The basic idea in the analyze stage is to get everything you are thinking, feeling, or have experience out of your head onto the paper. For instance, using the side hustle idea – let’s say they want to sell art online. They would write out their goals, fears, feelings, etc in the analyze step.
1. The What?
A description of the incident/experience with just enough detail to support doing your “So what?” section. For example, description about who, what, why, when, where. Also, think about what happened? What did you do? What did you expect? Reaction? What did you learn?
The goal is to identify what triggered this feeling or goal you have for yourself? Along with the feelings, thoughts, and emotions that arise when you think of the situation or goal.
2. So What?
This is the sense-making section that asks you to surface general meaning, significance, your position/viewpoint; actions; emotions. Often you review your notes before diving into the “so what phase” of the critical reflection.
The goal is to try to understand on a deeper level why the issue (or goal) is significant or relevant to you.
3. Now What?
This section makes connections from the experience/incident to further actions. For example, what would you do differently / the same next time? How come? What are key points, lessons learned to share with your colleagues, network, and/or group outside the network?

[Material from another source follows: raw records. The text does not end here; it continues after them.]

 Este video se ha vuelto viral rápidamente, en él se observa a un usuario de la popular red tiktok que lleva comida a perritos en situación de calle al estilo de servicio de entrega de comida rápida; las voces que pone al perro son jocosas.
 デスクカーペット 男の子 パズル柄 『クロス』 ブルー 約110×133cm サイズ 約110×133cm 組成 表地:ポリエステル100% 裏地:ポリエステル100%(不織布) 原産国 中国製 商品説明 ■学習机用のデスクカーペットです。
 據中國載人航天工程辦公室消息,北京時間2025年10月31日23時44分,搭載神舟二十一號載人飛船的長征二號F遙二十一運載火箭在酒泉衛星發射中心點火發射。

The key is you want to explore how the experience will shape your future thinking and behavior.
Step Two: Articulate
Typically, after completing the analysis stage, you probably have a lot of writing, but it is not yet organized into a coherent story. You need to build an organized and clear argument about what you learned and how you changed. To do so, develop a thesis statement, make an outline, write, and revise.
For our purposes, I’ve often found that organizing my notes into themes, and then seeing common patterns is more helpful for personal reflections than making a story for an academic setting.
1. Review Your Notes
Group your notes into similar sections. What are common themes you are seeing? Going back to the side hustle – what did you find is your motivation for wanting to start one? What are your fears of starting a side hustle? What biases do you have that are holding you back?

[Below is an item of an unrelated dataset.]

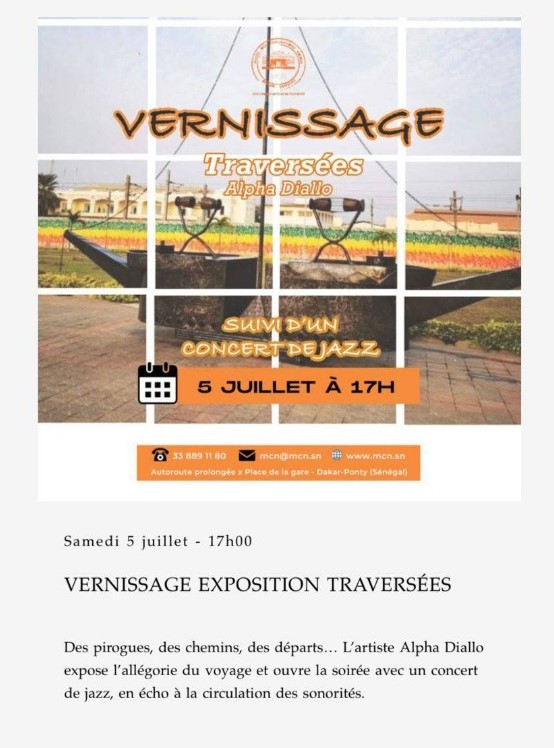 Le samedi 5 juillet à 17h, le Musée de la Civilisation Noire (Dakar) accueille le vernissage de l’exposition Traversées de l’artiste Alpha Diallo. Une exploration poétique du voyage et des départs, symbolisée par des pirogues et des chemins, qui invite à réfléchir sur nos trajectoires.

Bunch your thinking into the common themes you found.
2. What Matters
Continually writing is bound to bring up topics that are not relevant to your task at hand. Look through and identify what matters in your notes. What means the most to you and what are the most valuable takeaway lessons?
3. Craft Your Guiding Thesis Statement
Taking all your meaningful notes – craft a short statement that encapsulates your feelings and desired behavior about a topic. For instance, let’s say your side hustle is to sell art online. You could write:
My goal is to develop an online art store where I sell my inspired art to people helping brighten their day while helping pay some of my monthly bills. I am excited to create my original art and will persevere even if imposter syndrome and self-doubt creep in because I acknowledge these are feelings everyone has. If I am too anxious to post my art – I will show it to a few trusted critics to get their insight for feedback before taking the art piece to the public.
Sample Thesis Statement
The above thesis statement identified the goals, feelings, and changed behavior that is necessary to bring the goal to fruition.
Key Take-Aways
- In the busy world we live in, there seems to never be enough time to sit and reflect on our unconscious biases and emotions.
- By taking the time to dive into them, we can better understand our automatic responses and change our behavior to match our desired goals.
Action item
Do the Critical Reflection on your next day off. What is something that has been bothering you for the last few months? Reflect on it. See what is moving on auto-pilot and analyze where you can make changes to live the life you want to be living.